Cystic Fibrosis V.3.0 Description
Background
Cystic Fibrosis is an inherited genetic disorder that affects children and young adults. It is caused by a number of genetic mutations in the Cystic Fibrosis Transmembrane Conductance Regulator (CFTR) gene. The American College of Obstetricians and Gynecologists currently recommends that couples planning a pregnancy or seeking prenatal care be screened for cystic fibrosis gene mutations.
For a list of mutations please click here.

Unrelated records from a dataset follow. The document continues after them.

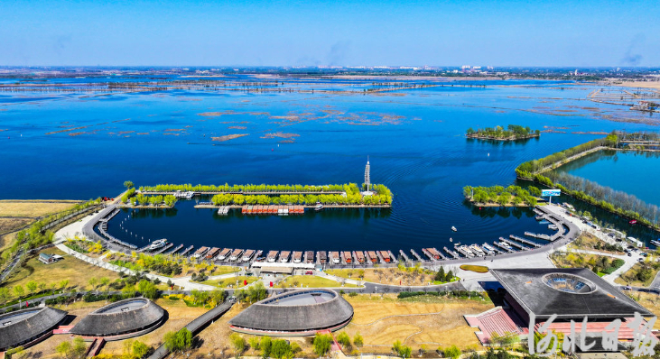 4月17日,无人机航拍白洋淀景区码头一角。河北日报记者耿辉 摄
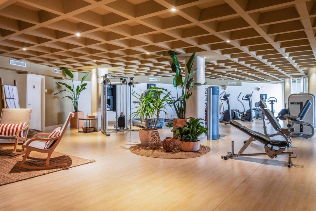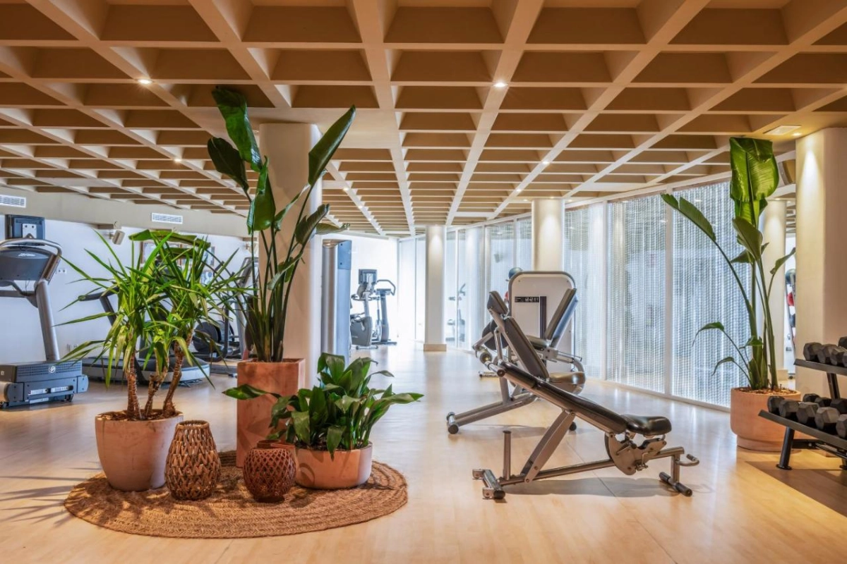 Dining at Beso Beach Mallorca delights with à la carte Mediterranean cuisine, including adapted menus for intolerances, vegetarian, and vegan preferences, served against a backdrop of ocean vistas. The pool bar, beach bar, cafeteria, and snack bar offer light bites, specialty coffees, and refreshing cocktails, perfect for leisurely afternoons. The luxurious spa invites rejuvenation with body scrubs, massages, wraps, Jacuzzi, sauna, steam room, and solarium access, complemented by a fully equipped gym. A dynamic activities program features yoga retreats, barre sessions, fitness classes, movie nights, wine tastings, DJ performances, and live music, while sports like tennis, golf, and scuba diving are available nearby. The Mediterranean courtyard serves as a cozy hub for energizing mornings with coffee and evening verbena festivities, fostering a healthy, active lifestyle.
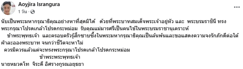 เขียนว่า นับเป็นพระมหากรุณาธิคุณอย่างหาที่สุดมิได้ ด้วยที่พระบาทสมเด็จพระเจ้าอยู่หัว และ พระบรมราชินี ทรงพระกรุณาโปรดเกล้าโปรดกระหม่อม รับคุณแม่มารศรีเป็นคนไข้ในพระบรมราชานุเคราะห์ ข้าพระพุทธเจ้า และครอบครัวรู้สึกซาบซึ้งในพระมหากรุณาธิคุณเป็นล้นพ้นและขอแสดงความจงรักภักดีต่อใต้ ฝ่าละอองพระบาท จนกว่าชีวิตจะหาไม่ ควรมิควรแล้วแต่จะทรงพระกรุณาโปรดเกล้าโปรดกระหม่อม ข้าพระพระพุทธเจ้า นายหมวดโท จิระดี อิศรางกูรณอยุธยา
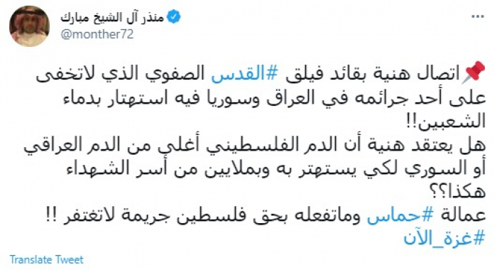 وقال في تغريدة عبر "تويتر" رصدها "المشهد العربي": "اتصال هنية بقائد فيلق القدس الصفوي الذي لا تخفى على أحد جرائمه في العراق وسوريا فيه استهتار بدماء الشعبين".
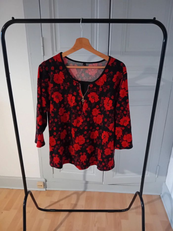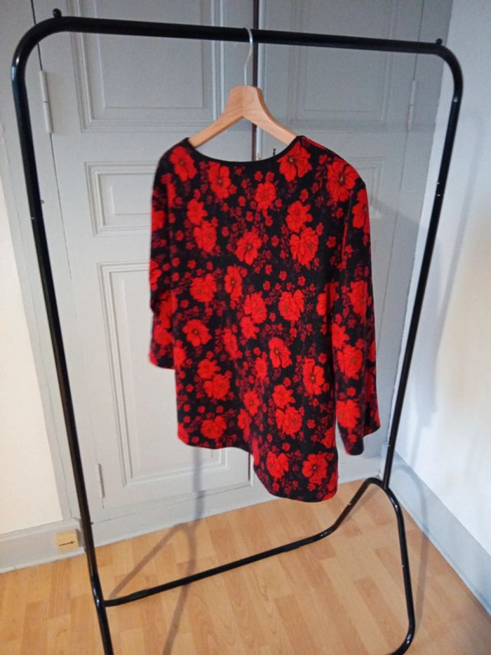 Pull vintage fin à motifs fleurs rouges, taille 6: Dimensions: longueur 63 cm, largeur épaule 46 cm, largeur aisselles 50 cm. Bon état #pullfinvintage #pullimpriméfleuri #pullimprimefloral #pullfinrouge #vintage #vintagestyle #vintagelook #hiver #maelyavintage #maelyatxxl
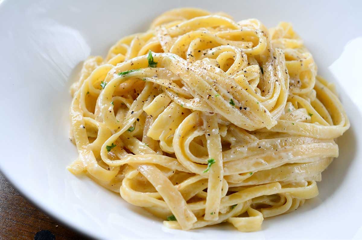 Fettuccine makarna, Mantar, Pesto Sosu ve Tavuk parçaları ile servis edilir.
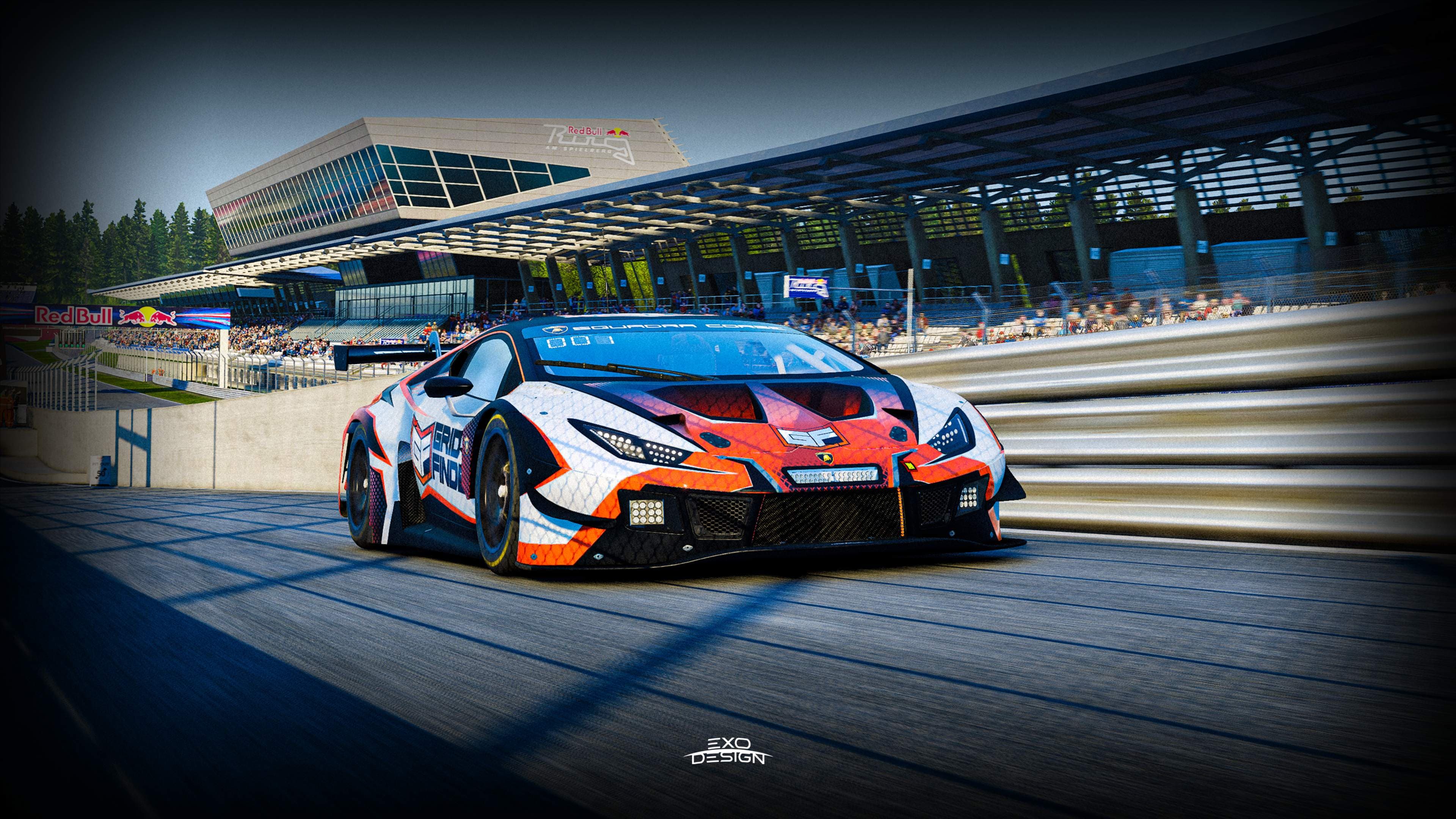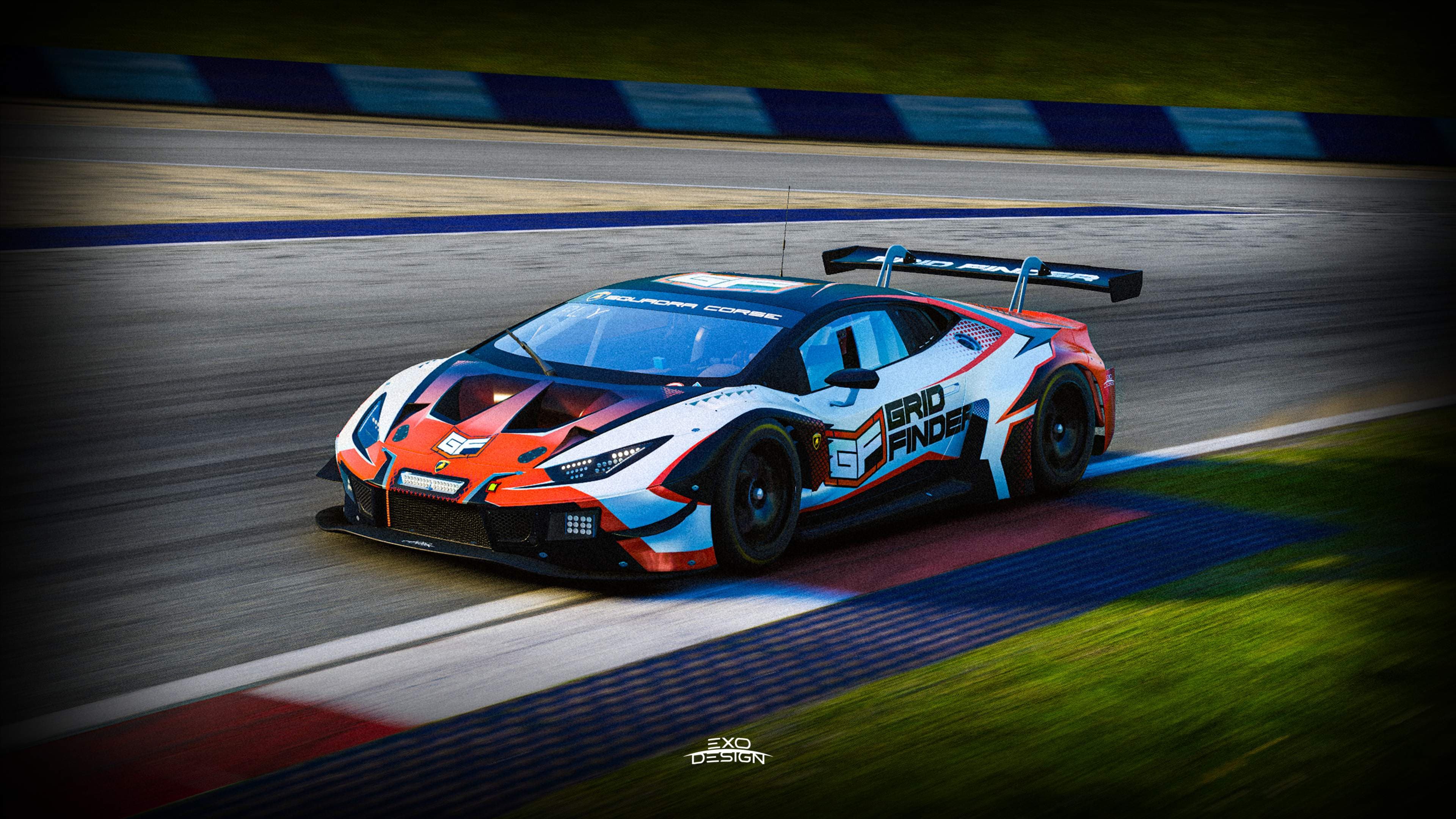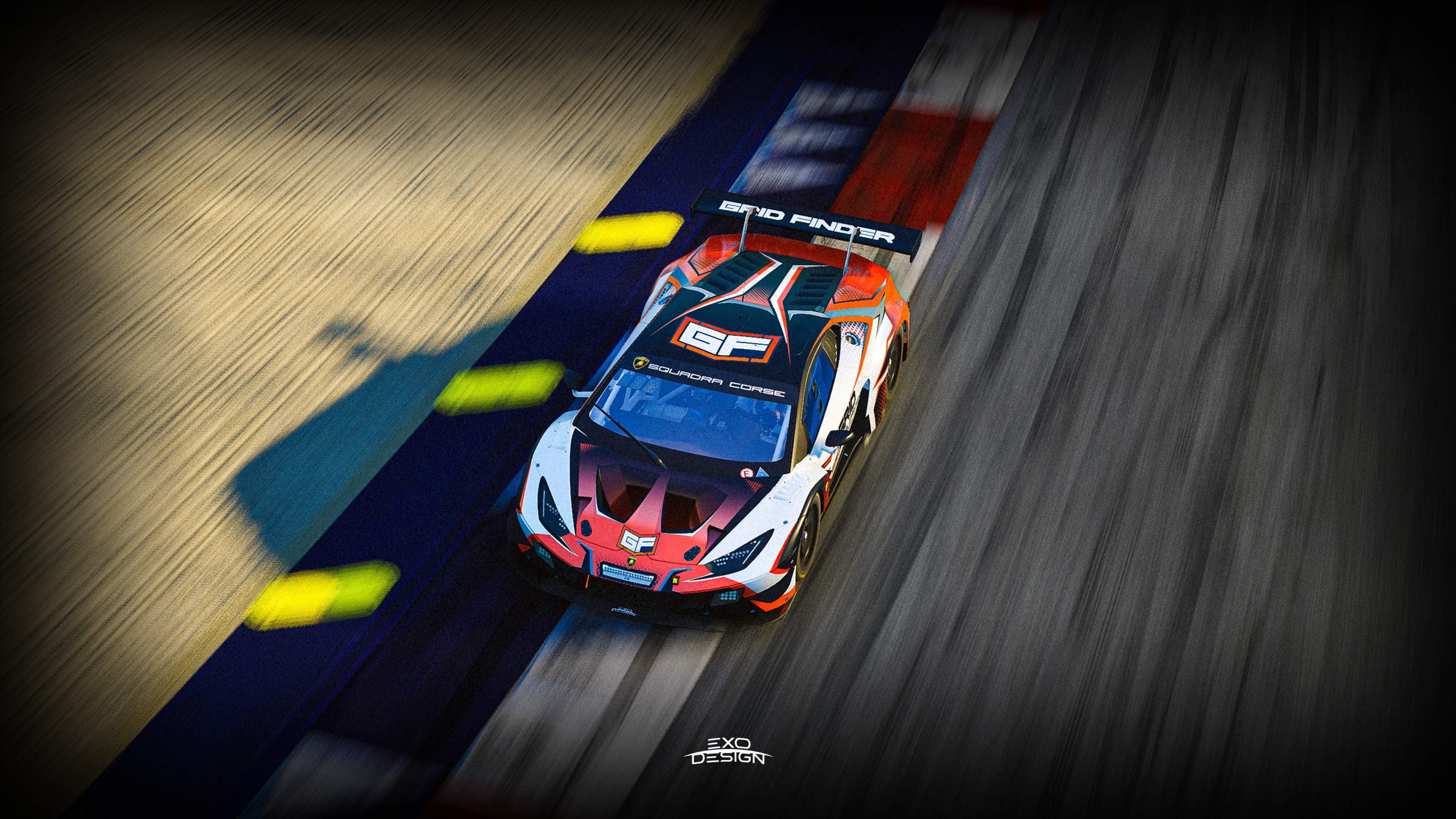 We’re excited to reveal the new GridFinder livery for the Lamborghini Huracan Evo GT3! 🏎️✨ This striking design features an aggressive, sporty pattern with sharp, cutting lines in dark navy blue, white, and orange. Every detail is crafted to perfection, making this livery a true racing masterpiece. 🔥

The CFTR gene comprises 27 exons and spans ~250 kb on the long arm of chromosome 7.
Since the cloning of the CFTR gene, more than 1300 mutations have been identified. Mutations in the CFTR protein affect the ability of epithelial cells to secrete chloride ions in response to cyclic AMP.
Benefits
- Quality Controlled Reagents
- High Specificity
- Simple to use
- Cost Effective
Technology Description
The Abbott Molecular CF v3.0 reagents are based on Oligonucleotide Ligation Assay (OLA) technology. This technology combines target specific PCR amplification with OLA probes to produce allele specific fragments which can then be analyzed by electrophoretic Sequence Coded Separation (SCS).
OLA exploits the ability of DNA ligases to join adjacent nucleotides covalently only when they perfectly complement a single-stranded DNA template.